Thanks for offering!
Well, I’m currently at a private practice and and have learned from experience how cut throat contract and financial negotiations can be. This is my 3rd practice. I have learned that certain owners just don’t want a partner(even though they promise this), instead they want a workhorse doing procedures all day for a salary. I’ll tell you, I work hard, but also now understand when to cut my loses.
With that in mind, it’s hard to ask about what is a relevant topic unless I’m in the midst of a scenario.
I will say, the “contract gotchas” definitely raised an eyebrow. Besides non-competes(which are discussed to death) maybe there are other ones that you may consider valuable?
A few high level thoughts
-Indemnification: Always have an attorney review this section. You’ll want it to be mutual and make sure it is not too strong. Basically this means you’d hold your “boss”/partner harmless from any expenses incurred that may not be covered by your malpractice policy, generally for your misconduct. Indemnification language is pretty standard in many independent contractor arrangements when you carry your own malpractice but is sometimes part of employment agreements as well. Depending on language, if your boss is named in an action (a patient alleges you sexually harassed them or alleged you seemed impaired when you botched a procedure), there’s an argument you need to pay your bosses legal bills. You’ll want to make sure it’s not too overbearing and cuts both ways (Mutual indemnification)
Non disparagement clause: let’s say you and your boss are oil and water and it doesn’t work out unrelated to your clinical aptitude. This prevents him from badmouthing you to the hospital CEO impacting your future employment
-Intellectual property language: Make sure it’s clear who owns “what”. If you write a book during your off hours or develop a device on your garage- that should belong to you and not your employer. However if you are developing something during work hours with your employer’s resources/staff/supplies, your employer may have a right to the profits from it (surgeons/proceduralists tend to make the biggest deal out this)
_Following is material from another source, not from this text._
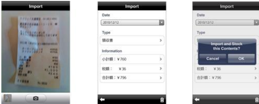
Fig. 4. Screen Image of Application for Applicant

Applicants can use the application with smart phone. And they can take a picture of till receipt and input automatically with OCR function. Approver can user widget of the Application and can operate of check things easily.
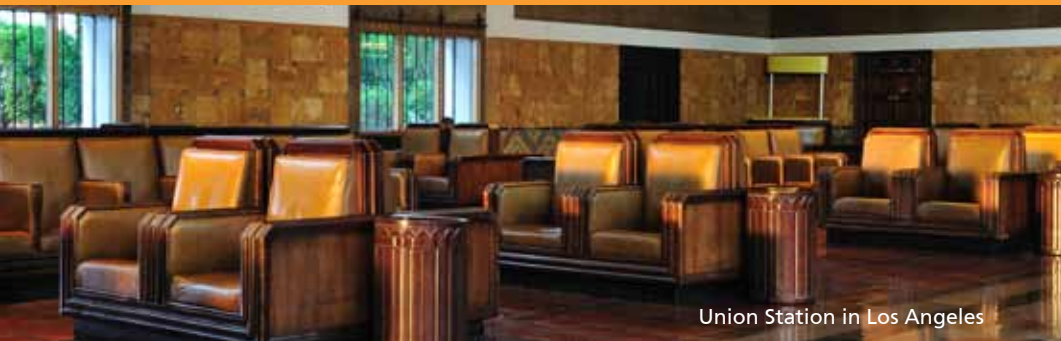
Union Station in Los Angeles

If you are precepting a resident or student, that can slow you down a bit and impact your collections. Your employer may be reimbursed for this from the university- try to get a cut of that money (generally paid hourly or as a stipend) to make you “whole” for the extra time spent between patients explaining things to a student
Since you are paid on collections you are at risk for payer mix and rev cycle performance, both of which are generally outside your control. Consider some high level performance metrics to hold your employer to In order to ensure you aren’t negatively Impacted if they botch revenue cycle. Make sure you have the right to audit/have ready access to your financial data. For instance if you consistently are seeing 100 patients per week and your paycheck all of a sudden drops 20% you have a right to investigate to figure out why. Also hard code in your contract that you’ll receive monthly detailed financial statements of your activity to ensure you are actually being paid what you are entitled to (if you are paid 50% of collections, make sure that matches the monthly reports/aren’t any errors)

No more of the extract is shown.